Although binary logit regression has no requirements for the data type of the independent variable, if the independent variable is a definite variable, it is theoretically necessary to perform dummy variable processing, but it is not necessary and needs to be processed in combination with the analysis, due to the "gender" in the example It is a binary variable, which needs to be treated as a dummy variable and "male gender" is used as a reference item for analysis. Use the "dummy variable" of the generated variable in SPSSAU to process it as follows:

Univariate analysis

After processing the dependent variable and the independent variable, single factor analysis can be performed. Although this step is not necessary, it can be used to explore the relationship between the independent variable and the dependent variable. If no effect is found through single factor analysis, the subsequent regression In the analysis, it is found that there is an impact, so the situation of the data should be checked at this time to avoid other problems. Because the independent variable has both definite variables and quantitative variables, different methods are used for analysis. Since the dependent variable is a binary variable, so Analysis was performed using chi-square test and t-test.

chi square test

Using chi-square test to study the relationship between "willing to buy" financial products and "gender", the results are as follows:

The above table shows the results of the chi-square test. It can be seen that the proportion of people who are willing to buy financial products in the study is larger, and the proportion of girls who buy financial products is about 67%, and boys who are unwilling to buy financial products The proportion is larger, accounting for about 65%. Finally, through the chi-square test, it is found that the chi-square value in this test is 52.594, and the p-value is far less than 0.05, which is significant, so it shows that gender has a significant effect on whether you are willing to buy financial products Influence. Next, the other two variables were investigated using t-tests.

t test

Since the dependent variable is a dichotomous variable and the group is 2, the independent sample t-test is used to study the relationship between "willing to buy" financial products and "age" and "living cost".

"Willing to Buy" & "Age"

It can be seen from the above table that the average age of those unwilling to buy financial products is 21, and the average age of purchasing financial products is 23. Because the age range of college students in the survey is 19-25, there is a big difference between 21 and 23 , through the t test, it is also found that the t value is -15.848, and the p value is far less than 0.05, so age has an impact on whether you are willing to buy financial products.

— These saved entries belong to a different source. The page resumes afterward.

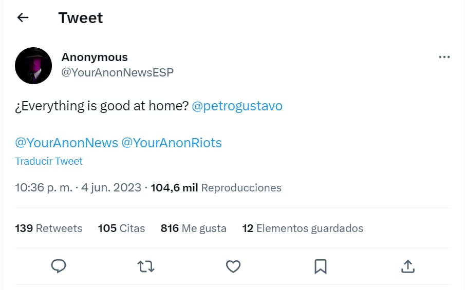 Minutos después de su primera aparición, Anonymous volvió a mencionar a Gustavo Petro, pero esta vez respondiendo a un trino subido por el primer mandatario donde se le ve sonriente junto a su hija, y con el mensaje “¿Intranquilos? ¡Qué va!” Los hackers no demoraron en enviarle lo que sería una amenaza: “No lo sé... no estaría tan tranquilo querido presidente” se traduce en el trino publicado en las últimas horas.
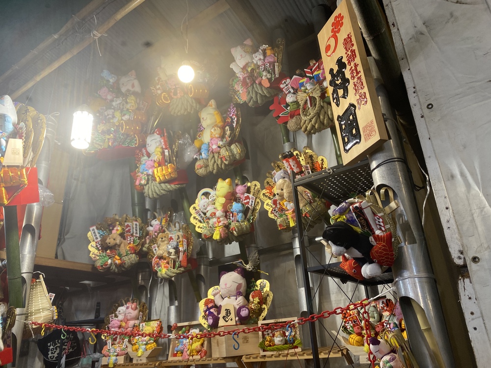 現代的なデザインのお店も多く、猫をあしらったかわいらしい熊手もありました。
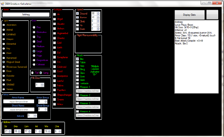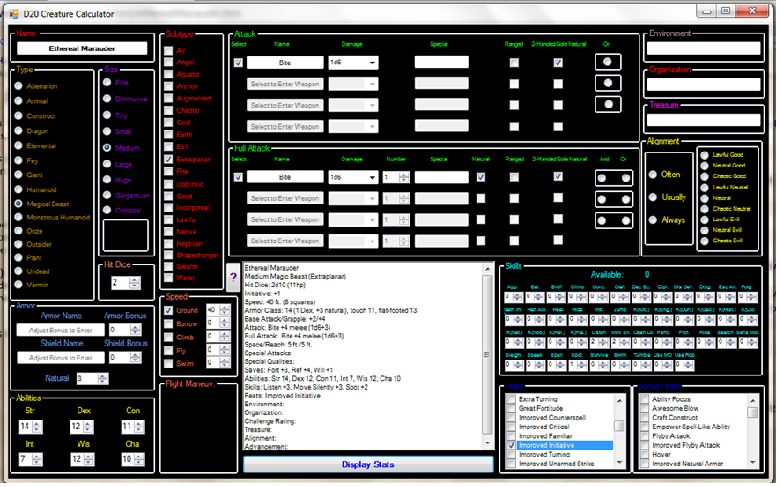 The hp, damage, attack, saves, ac, and soon everything else is calculated for you after just a few selections. I now have to decide just how many feats I want to consider (I mean do I really have to code every Skill Focus Feat?) |
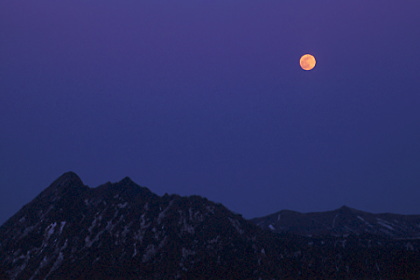 険しい摩周岳から、ミステリアスな月が昇る。
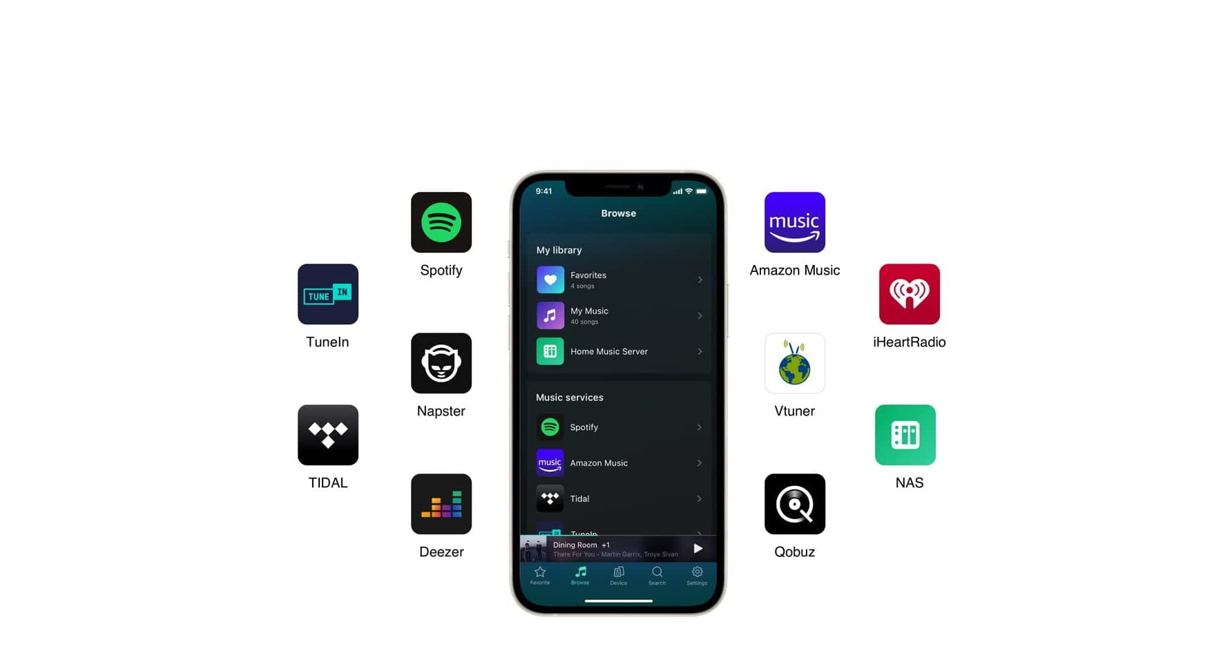 - Streaming - Spotify, Amazon Music, Deezer, Tunein, Tidal, Qobuz, iHeartRadio, Napster, Soundmachine, Calm Radio itd.
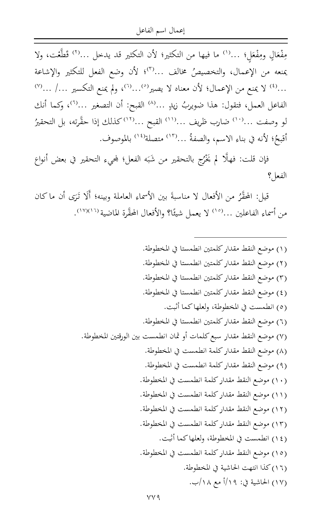 مِفْعَالٍ ومِفْعَلٍ؛ ... (¬١) ما فيها من التكثير؛ لأن التكثير قد يدخل ... (¬٢) قَطَّعْت، ولا يمنعه من الإعمال، والتخصيصُ مخالف ... (¬٣)؛ لأن وضع الفعل للتكثير والإشاعة ... (¬٤) لا يمنع من الإعمال؛ لأن معناه لا يصير (¬٥) ... (¬٦)، ولم يمنع التكسير ... / ... (¬٧) الفاعل العمل، فتقول: هذا ضويربُ زيدٍ ... (¬٨) القبح: أن التصغير ... (¬٩)، وكما أنك لو وصفت ... (¬١٠) ضارب ظريف ... (¬١١) القبح ... (¬١٢) كذلك إذا حقَّرته، بل التحقيرُ أقبحُ؛ لأنه في بناء الاسم، والصفةُ ... (¬١٣) متصلة (¬١٤) بالموصوف.
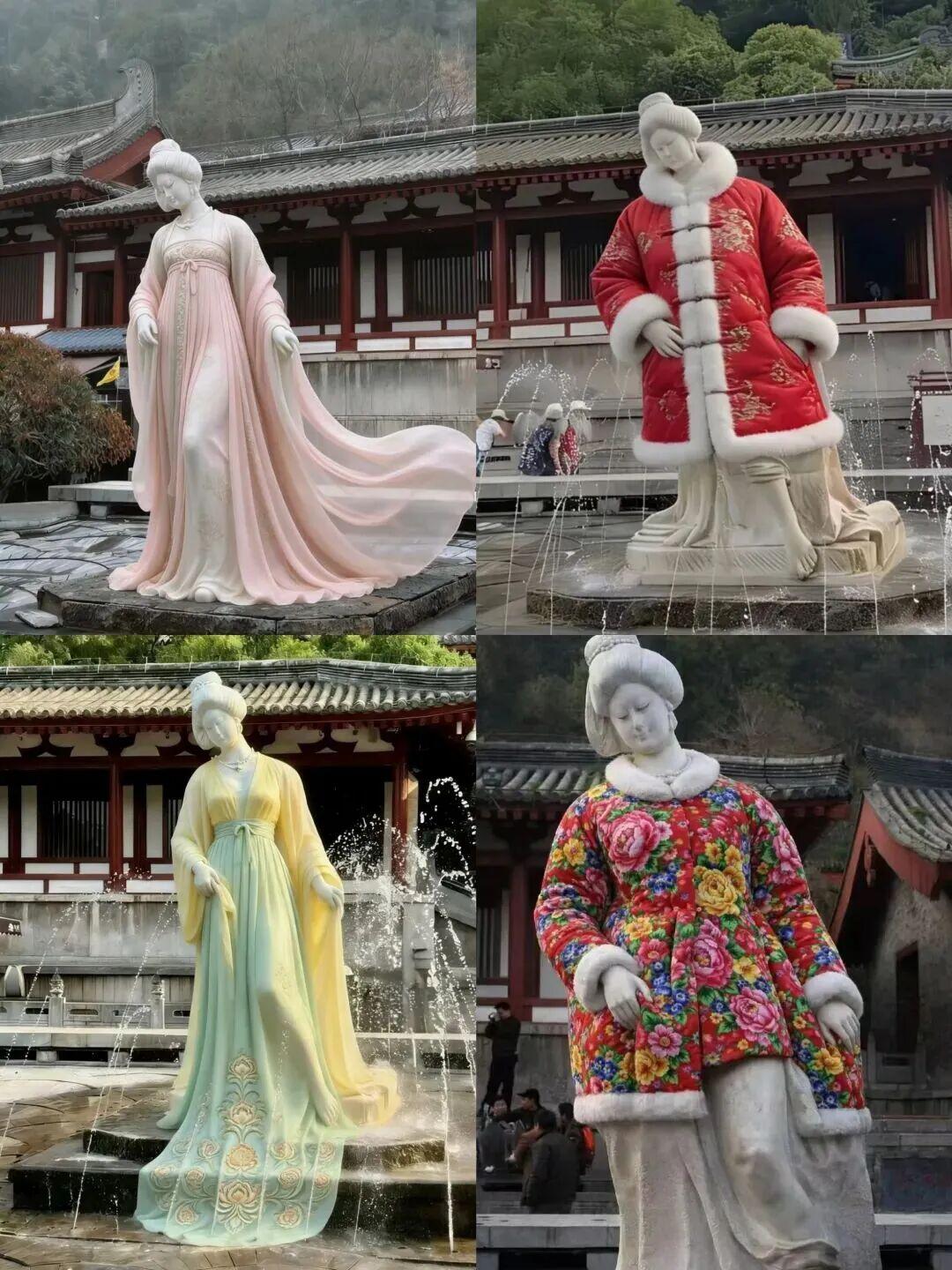 許多熱心人士擔心石頭凍着,幫雕像p上了大花棉襖。AI不懂什麼傳統服飾的朝代、形制,只會根據指令胡亂瞎穿。
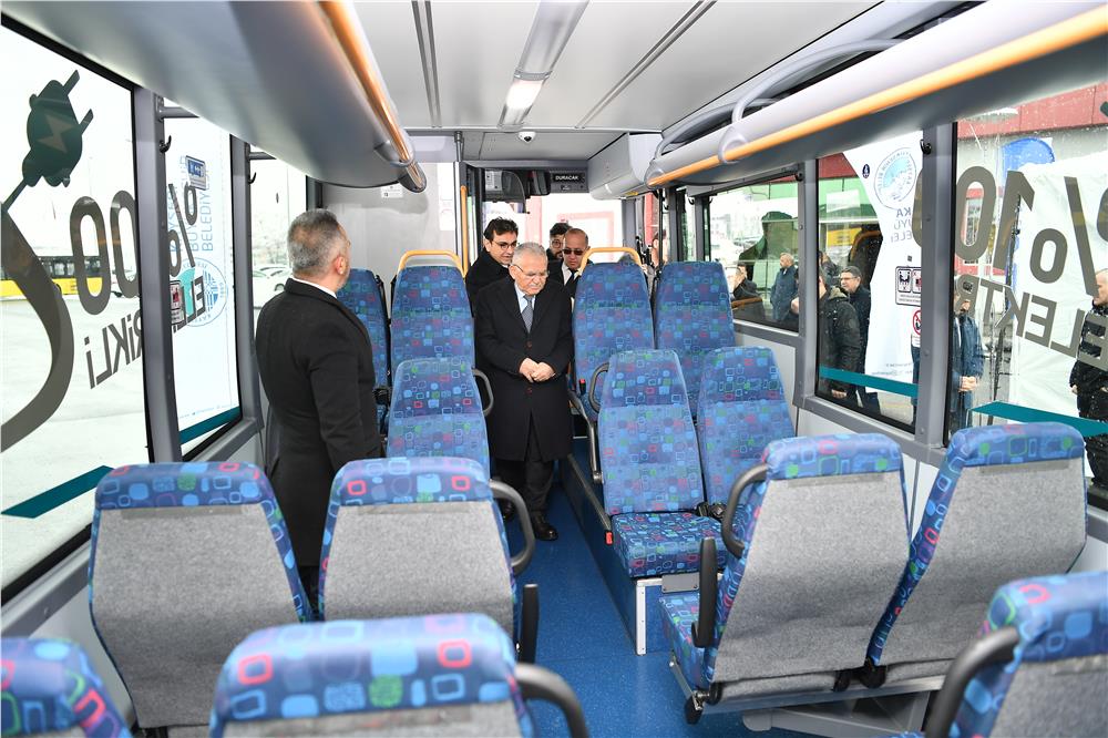 Kayseri Büyükşehir Belediye Başkanı Dr. Memduh Büyükkılıç, Büyükşehir bünyesindeki temiz enerjiyle, konforlu ve erişilebilir ulaşım için çalışmalarını sürdüren Ulaşım A.Ş.’de, otobüs filosuna katılan yüzde 100 elektrikli, sessiz ve sıfır emisyonlu yeni otobüs ve elektrikli bisikletleri inceleyerek bilgi aldı.
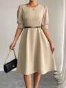 Rafferiza 女式方领泡泡袖纹理法式度假荷叶边下摆连衣裙,优雅奶油黄色
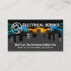 The whole city block is affected by a power outage. A bright electric cloud lightning is powered up by a silver power plug logo you can use. This electric current illuminates your business name. Near the base of the card lies a slogan caption to publicise your services alongside the contact details. You can change the caption remarks to the slogan to suit your own publicity needs.
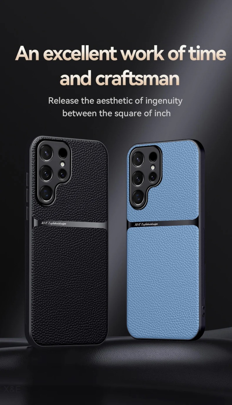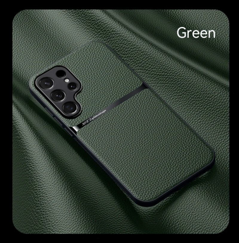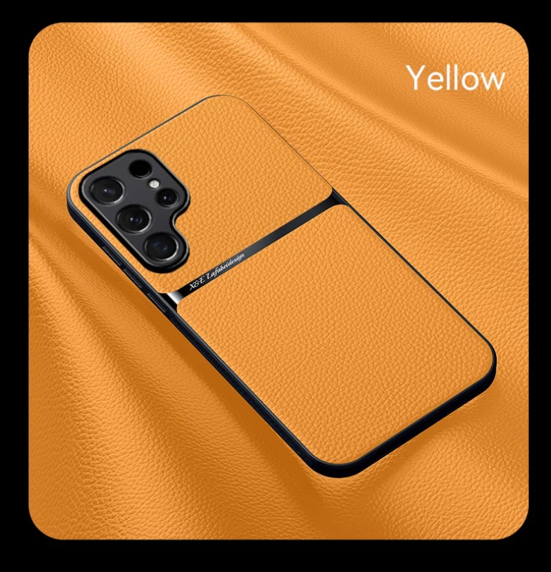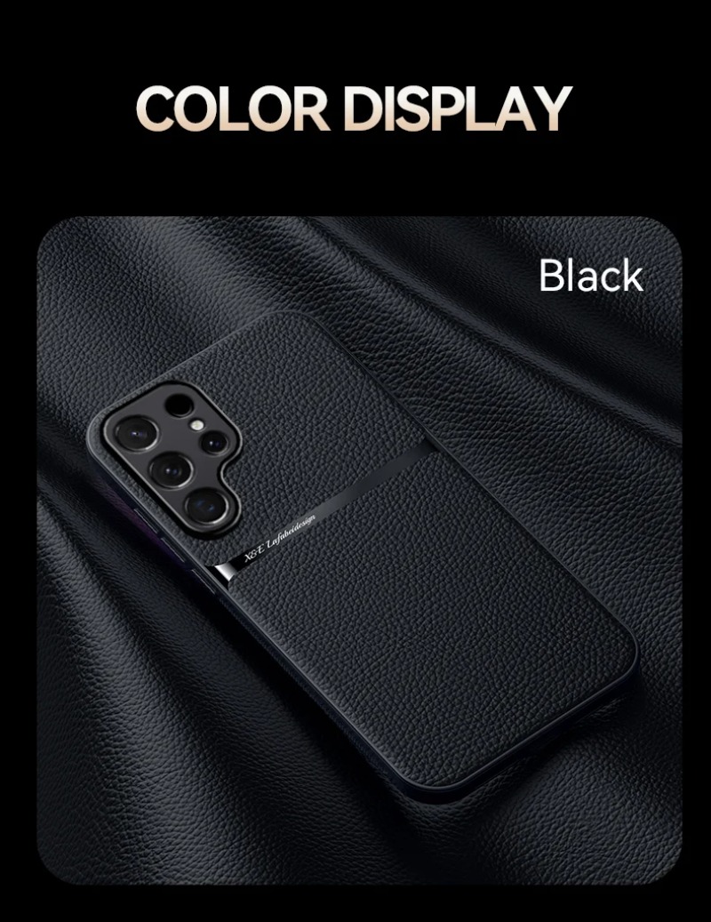For Magnetic Car Holder Luxury Leather Phone Case For Samsung
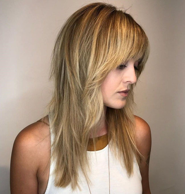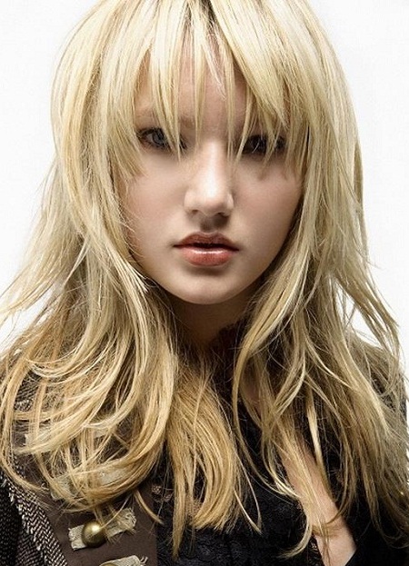 Этот вариант прически основан на том, что на голове создаются пряди разной длины. Чем длиннее волосы, тем слоистее получится укладка. Длинноволосые дамы, которые хотят видеть косую челку, должны внимательно присмотреться к каскаду. Это связано с тем, что он прекрасно сочетается с нервной рваной челкой. Тогда можно будет выгодно обрамлять лицо, а имеющиеся пряди у лица будут сильно выбиваться. Достигается такой результат за счет плавного перехода челки в основную капну волос.
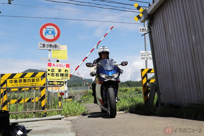 今回はフルカウルの大型バイクということもあり、実際にバイクで渡ろうとすると道幅がとてつもなく狭く感じます。そしてもうひとつ問題が……自転車やスーパーカブ、原付スクーターぐらいなら、遮断棒をヒョイと持ち上げても何とか抜けられそうですが、大型バイクだとそうはいきません。
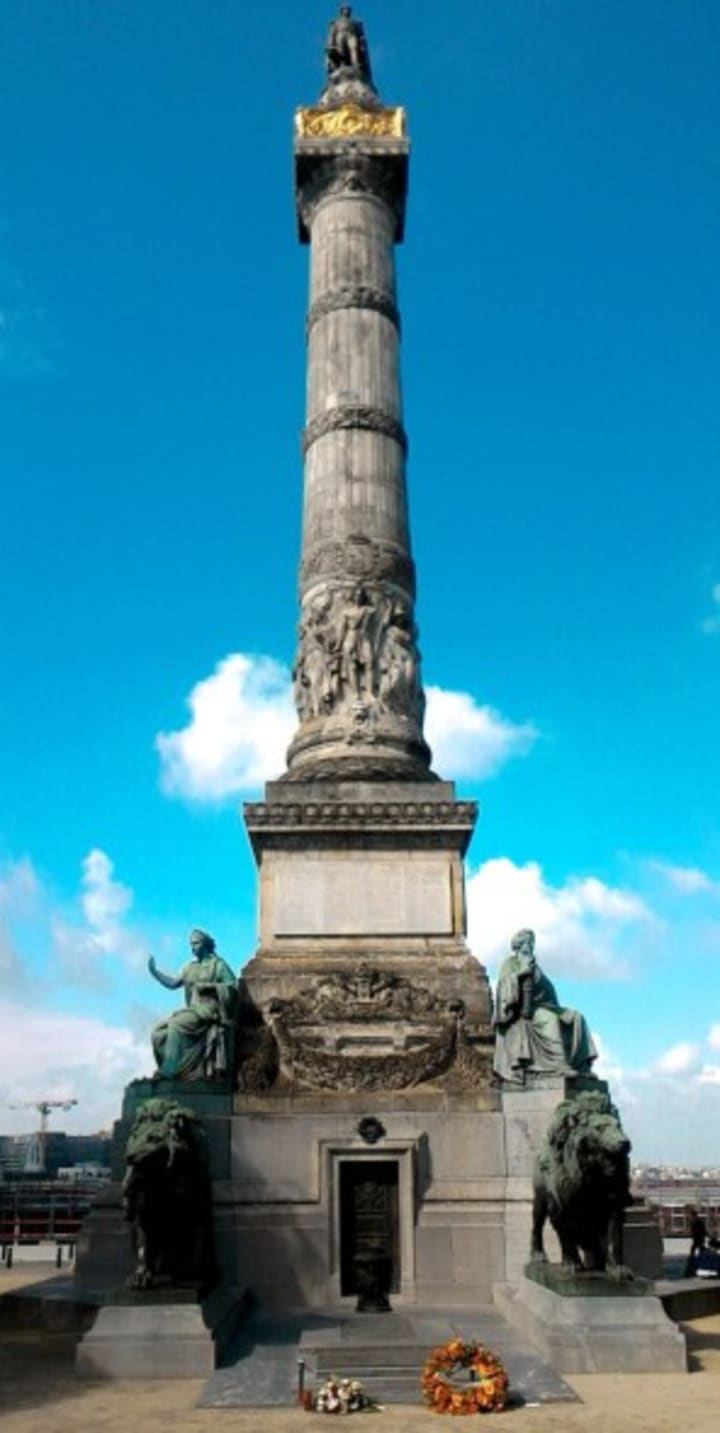 Brussels has a 25m tall version of Nelson’s Column known as the Colonne du Congres. This monolith dating from the 1850s is topped by a gilded statue of King Leopold I. It commemorates the Belgian constitution of 1831. Around its base are four female figures representing the four constitutionally upheld freedoms of religion, association, education and the press. Between two bronze lions is an eternal flame that honors Belgian victims of the two World Wars.
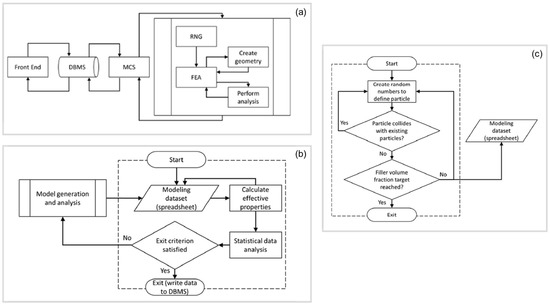 In the present work, the SFEA framework described in [19] was adopted to study the mechanical properties of the particulate composite material. In the following, only a synopsis of the SFEA method is provided, and the interested reader is referred to the aforementioned technical literature for further details. The SFEA framework involves a Monte Carlo simulation (MCS) technique to compute results using statistical analysis and different program modules involving multiple programming languages. The SFEA algorithm is shown in Figure 1.
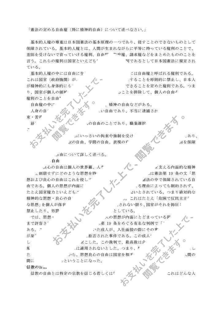 「憲法の定める自由権(特に精神的自由)について述べなさい。」
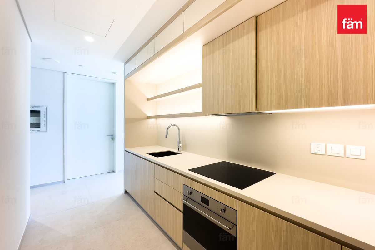 The modern kitchen is fitted with high-end appliances and sleek cabinetry, seamlessly blending style and functionality. The bedroom offers a tranquil retreat with built-in wardrobes and a beautifully designed en-suite bathroom finished with superior materials and elegant fixtures.

"Would you like to buy" & "living expenses"

It can be seen from the above table that the average living expenses of those who are unwilling to buy wealth management products is about 1312 yuan, and the average living expenses of those who are willing to buy wealth management products is about 2026 yuan. It is found that the t value is -38.377, and the p value is much less than 0.05, so the cost of living has an impact on the willingness to buy financial products.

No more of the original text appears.